*** RECORDS FOR PROCESSING

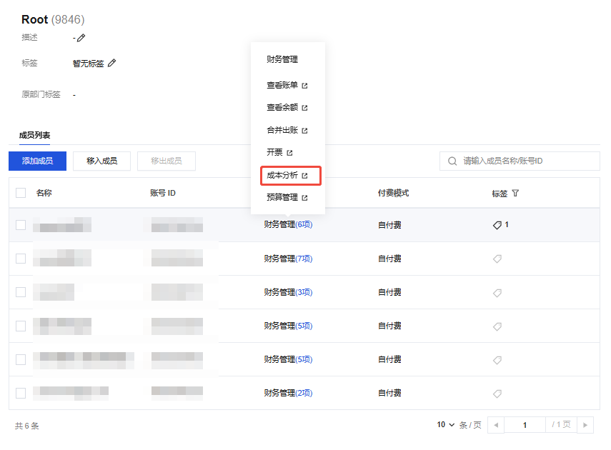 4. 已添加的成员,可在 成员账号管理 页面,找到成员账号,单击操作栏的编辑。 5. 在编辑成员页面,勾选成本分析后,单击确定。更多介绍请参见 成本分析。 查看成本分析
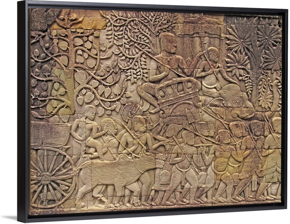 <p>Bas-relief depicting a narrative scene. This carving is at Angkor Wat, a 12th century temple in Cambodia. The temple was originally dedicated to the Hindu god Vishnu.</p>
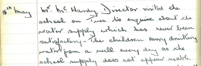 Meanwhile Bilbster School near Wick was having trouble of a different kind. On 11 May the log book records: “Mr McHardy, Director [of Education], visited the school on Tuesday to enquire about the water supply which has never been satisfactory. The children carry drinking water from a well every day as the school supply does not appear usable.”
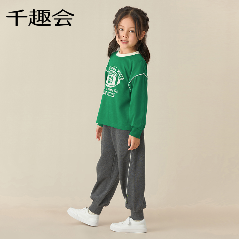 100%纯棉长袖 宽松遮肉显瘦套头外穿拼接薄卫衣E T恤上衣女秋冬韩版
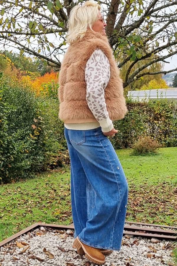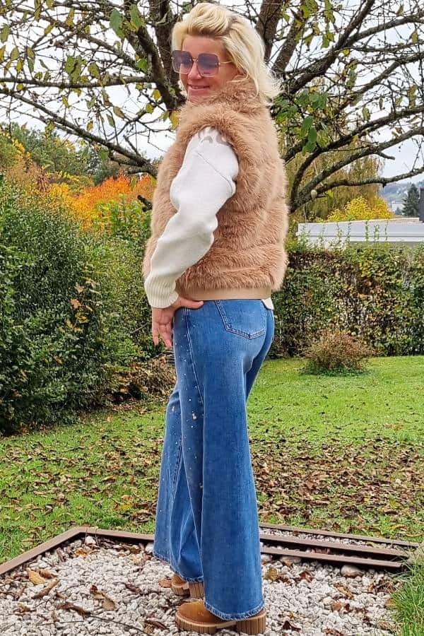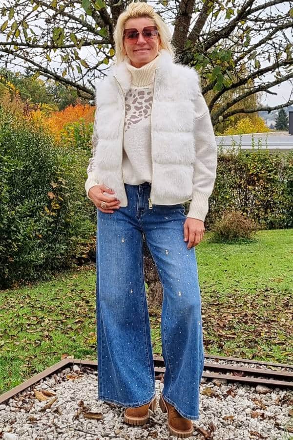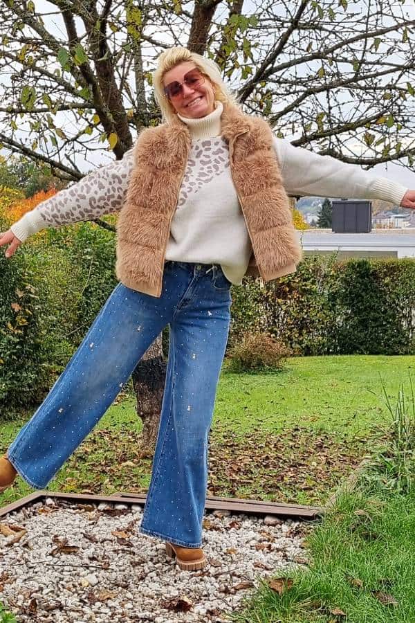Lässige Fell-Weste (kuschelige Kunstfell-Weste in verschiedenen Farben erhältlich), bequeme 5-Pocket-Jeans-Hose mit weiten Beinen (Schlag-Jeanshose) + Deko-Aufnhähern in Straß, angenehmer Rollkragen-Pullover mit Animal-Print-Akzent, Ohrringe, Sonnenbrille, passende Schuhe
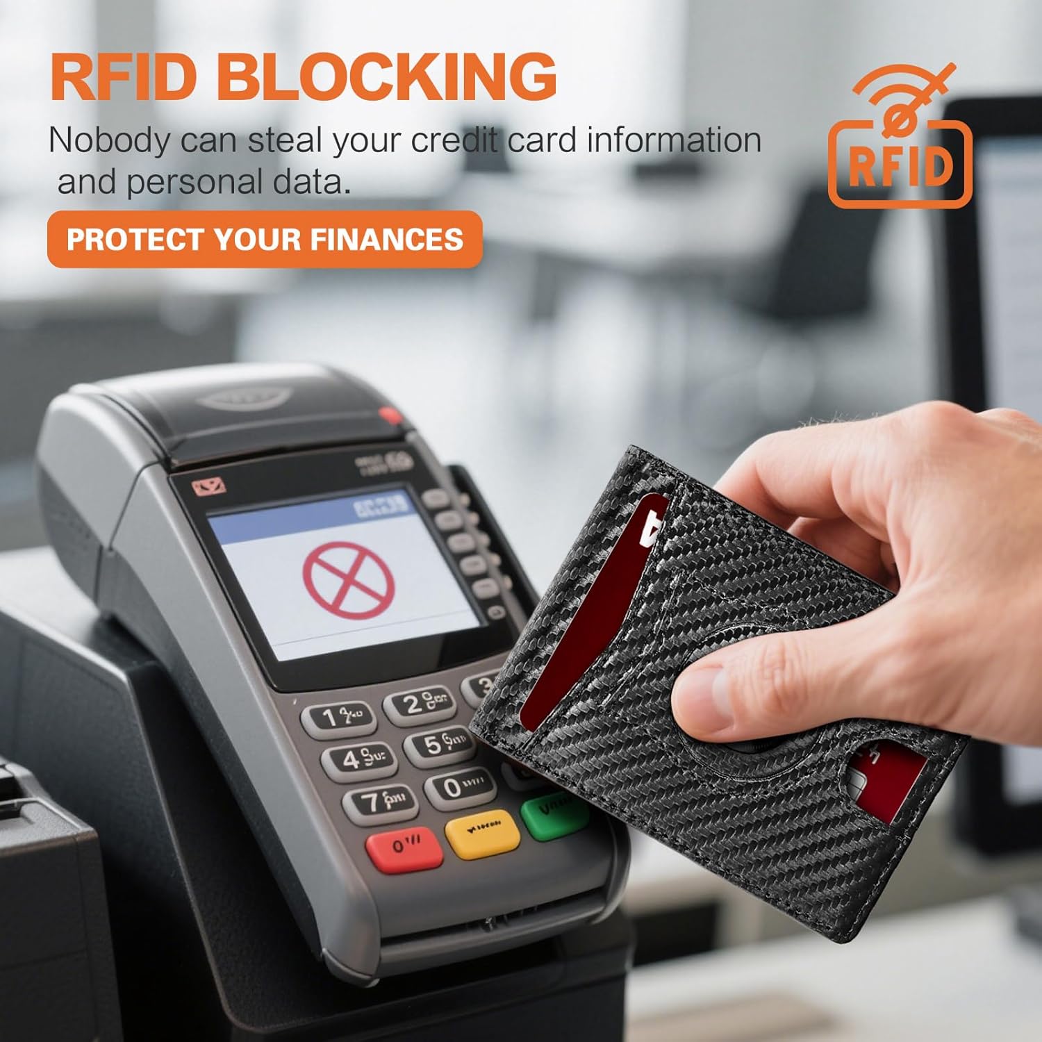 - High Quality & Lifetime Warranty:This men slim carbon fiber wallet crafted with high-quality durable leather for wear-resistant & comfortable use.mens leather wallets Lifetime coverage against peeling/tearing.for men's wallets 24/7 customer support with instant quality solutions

******
*** RECORDS FOR PROCESSING

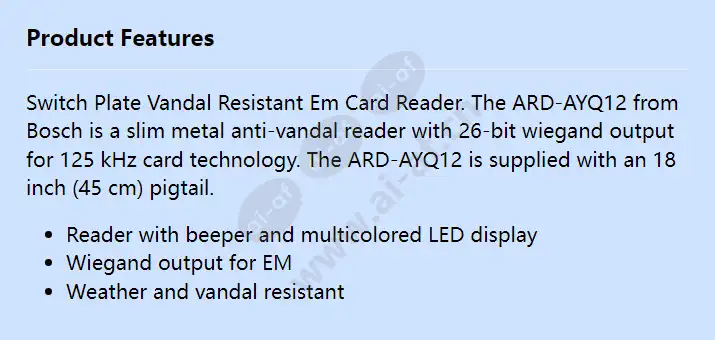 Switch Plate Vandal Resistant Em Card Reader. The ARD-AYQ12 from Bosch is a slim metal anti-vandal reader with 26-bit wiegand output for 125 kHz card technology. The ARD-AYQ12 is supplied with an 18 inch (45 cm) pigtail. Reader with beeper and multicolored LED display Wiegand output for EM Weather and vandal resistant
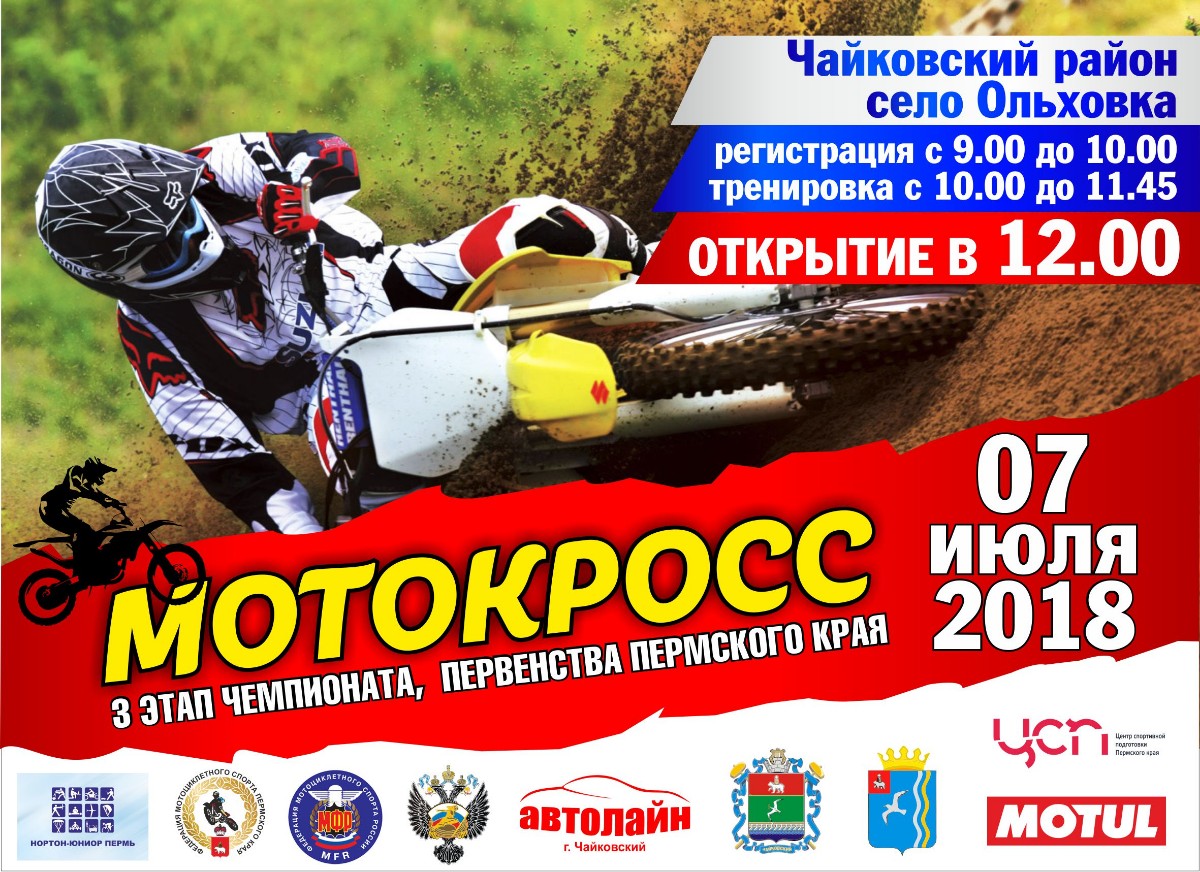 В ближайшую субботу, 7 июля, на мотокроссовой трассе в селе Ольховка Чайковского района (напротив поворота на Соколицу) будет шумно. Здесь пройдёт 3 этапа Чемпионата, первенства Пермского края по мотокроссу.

******

DIRECTIONS -> Range to copy from the listing above: the line with "Meanwhile Bilbster School" through the line with "- High Quality". Transcribe it exactly and skip the pictures.

REPLY ->
 Meanwhile Bilbster School near Wick was having trouble of a different kind. On 11 May the log book records: “Mr McHardy, Director [of Education], visited the school on Tuesday to enquire about the water supply which has never been satisfactory. The children carry drinking water from a well every day as the school supply does not appear usable.”
 100%纯棉长袖 宽松遮肉显瘦套头外穿拼接薄卫衣E T恤上衣女秋冬韩版
Lässige Fell-Weste (kuschelige Kunstfell-Weste in verschiedenen Farben erhältlich), bequeme 5-Pocket-Jeans-Hose mit weiten Beinen (Schlag-Jeanshose) + Deko-Aufnhähern in Straß, angenehmer Rollkragen-Pullover mit Animal-Print-Akzent, Ohrringe, Sonnenbrille, passende Schuhe
 - High Quality & Lifetime Warranty:This men slim carbon fiber wallet crafted with high-quality durable leather for wear-resistant & comfortable use.mens leather wallets Lifetime coverage against peeling/tearing.for men's wallets 24/7 customer support with instant quality solutions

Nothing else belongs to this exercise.